Miller is supposed to be one of the core pieces in this rotation, and Seattle still appears to be treating him that way. The Mariners noted that the expectation is for Miller to rejoin the club for in-person consultation during the April 17-22 homestand, with a rehab assignment likely to follow and a possible return by the end of April.

Mariners Get A Timely Bryce Miller Update As Emerson Hancock Keeps Turning Heads

The better Miller’s outlook gets, the messier the rotation conversation becomes. Because while Miller has been working his way back, Emerson Hancock has been making this whole thing a lot less tidy than anyone expected. He opened the season by throwing six hitless innings with a career-high nine strikeouts against Cleveland, then followed that by allowing just one earned run through his first 12 2/3 innings. Through three starts, Hancock owns a 2.04 ERA with 19 strikeouts in 17 2/3 innings. 

His stuff backs it up enough that this doesn’t feel totally fluky. Hancock’s early breakout has been more than just a hot stretch, he’s posting a 2.38 FIP, and a strikeout rate north of thirty percent. More importantly, one-third of his pitches in last outing against the Astros were sweepers, which is a big deal because that pitch barely existed in this form for him a couple years ago. 
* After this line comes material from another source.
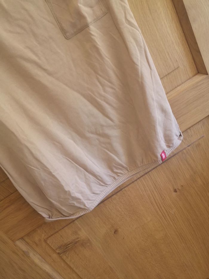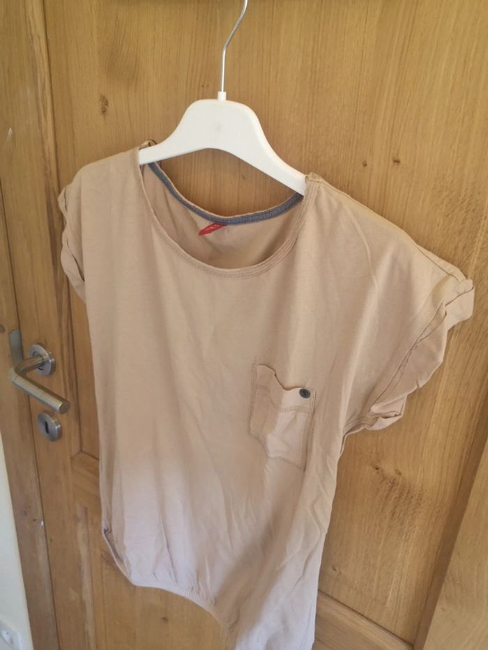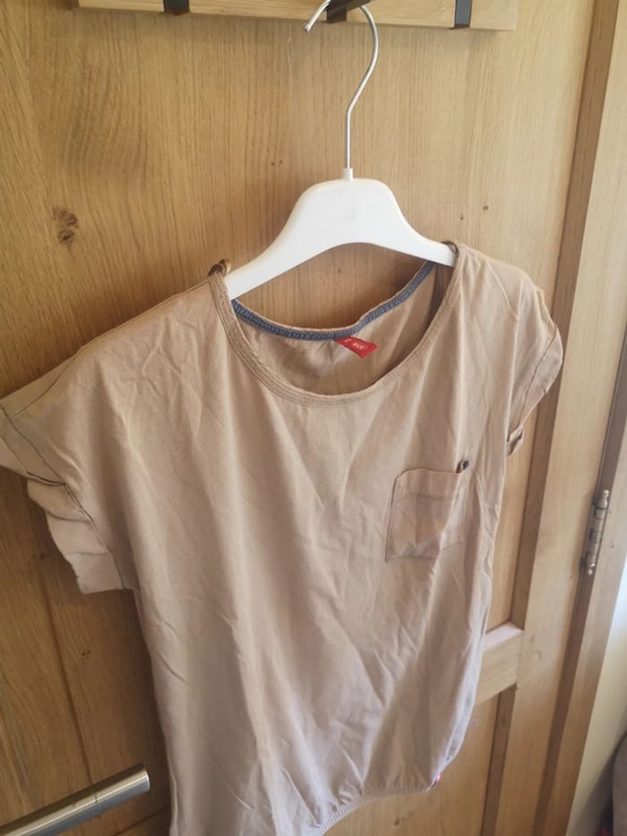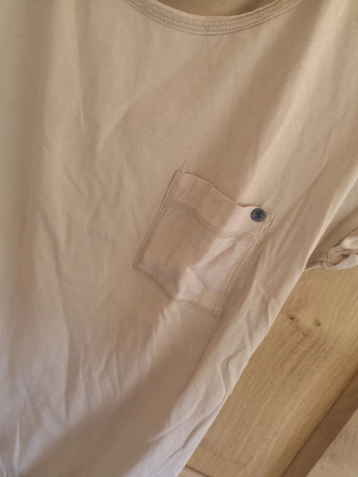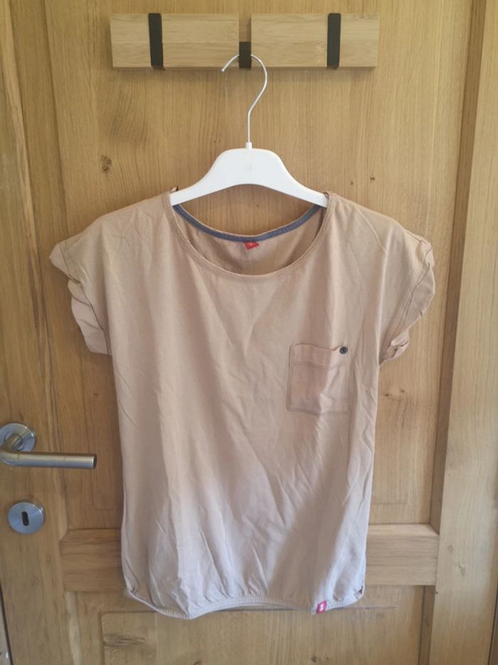 T-shirt à courtes manches Edc en beige avec petite poche près de la poitrine et resserré dans le bas. Taille Xs #alexam_femmexs #edcfemmexs #tshirtfemmexs

Hitters have looked uncomfortable against the fastball-sweeper combination, and the velocity gap is part of why. Hancock’s four-seamer has averaged 94.5 mph this season, while the sweeper is sitting at 77.9. That’s a 16.6 mph separation, which is plenty nasty on its own, and the pitch-level results have been excellent so far. Opponents had a .167 batting average against the four-seamer and essentially nothing against the sweeper in the early sample, with the sweeper producing a 32.1 percent whiff rate and a 55.6 percent strikeout rate in plate appearances ending on that pitch. 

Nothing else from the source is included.